**What the task asks**:
Please output the section of the listing below that opens with the line containing "Wedding Love Heart" and closes with the line containing "- Trendy Design", exactly and with nothing else.

Start of The input

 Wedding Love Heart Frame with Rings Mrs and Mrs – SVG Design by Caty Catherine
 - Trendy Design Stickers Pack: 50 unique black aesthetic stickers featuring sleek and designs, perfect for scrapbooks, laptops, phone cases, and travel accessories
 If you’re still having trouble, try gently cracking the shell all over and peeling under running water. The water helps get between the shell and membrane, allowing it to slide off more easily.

End of The input
Start of The input

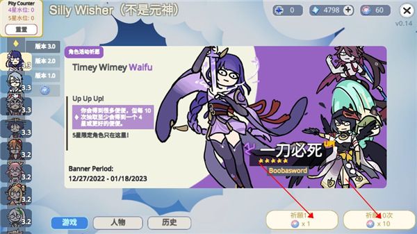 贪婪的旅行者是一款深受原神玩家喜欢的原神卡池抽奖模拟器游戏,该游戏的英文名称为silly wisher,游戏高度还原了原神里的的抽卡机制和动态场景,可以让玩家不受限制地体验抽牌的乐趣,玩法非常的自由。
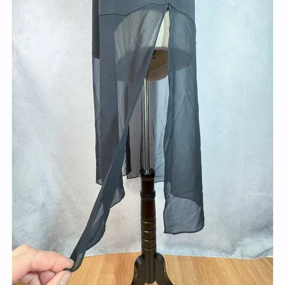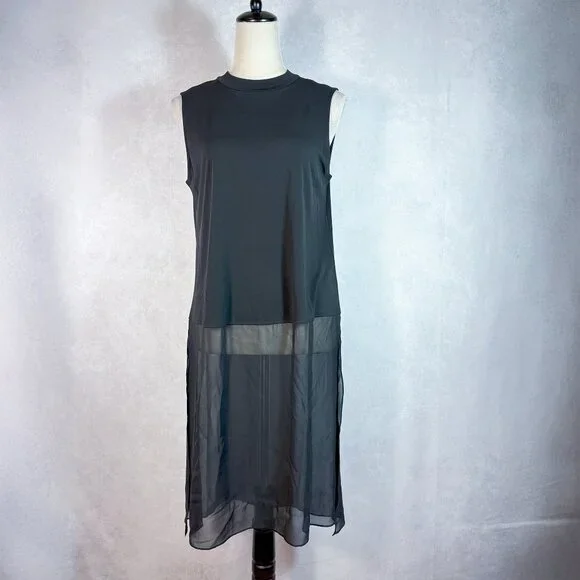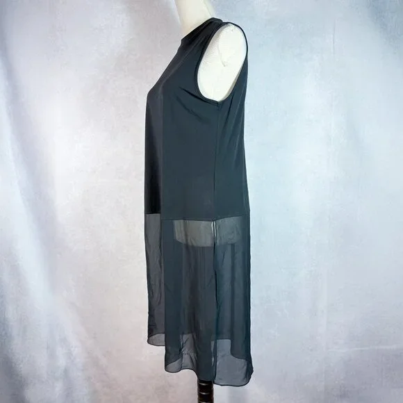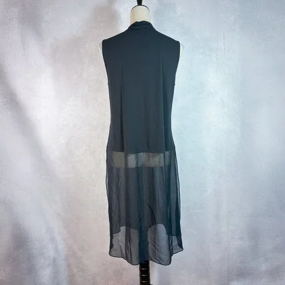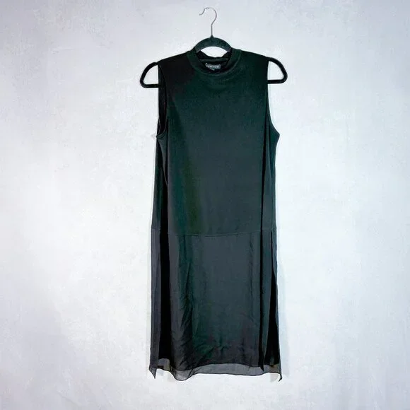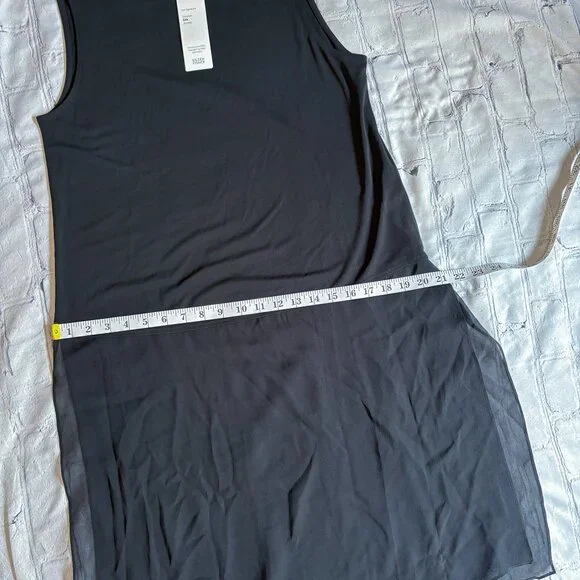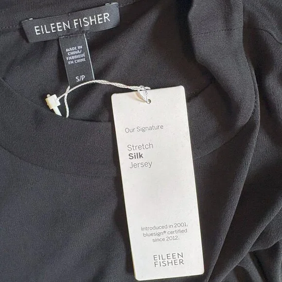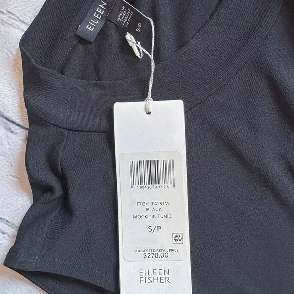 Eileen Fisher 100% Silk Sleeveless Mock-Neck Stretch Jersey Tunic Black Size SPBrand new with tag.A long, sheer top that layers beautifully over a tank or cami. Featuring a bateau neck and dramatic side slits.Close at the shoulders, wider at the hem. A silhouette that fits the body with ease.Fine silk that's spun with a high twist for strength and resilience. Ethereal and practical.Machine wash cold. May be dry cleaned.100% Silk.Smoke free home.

End of The input
Start of The input

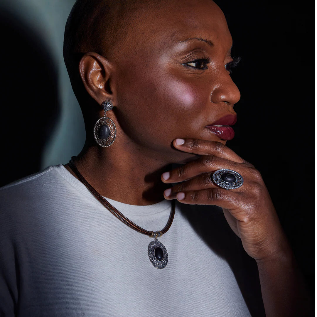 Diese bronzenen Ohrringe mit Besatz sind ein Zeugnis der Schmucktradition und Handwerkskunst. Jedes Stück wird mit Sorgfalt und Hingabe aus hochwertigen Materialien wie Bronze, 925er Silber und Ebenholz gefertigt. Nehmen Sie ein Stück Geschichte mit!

End of The input

**Result of this task**:
 Wedding Love Heart Frame with Rings Mrs and Mrs – SVG Design by Caty Catherine
 - Trendy Design Stickers Pack: 50 unique black aesthetic stickers featuring sleek and designs, perfect for scrapbooks, laptops, phone cases, and travel accessories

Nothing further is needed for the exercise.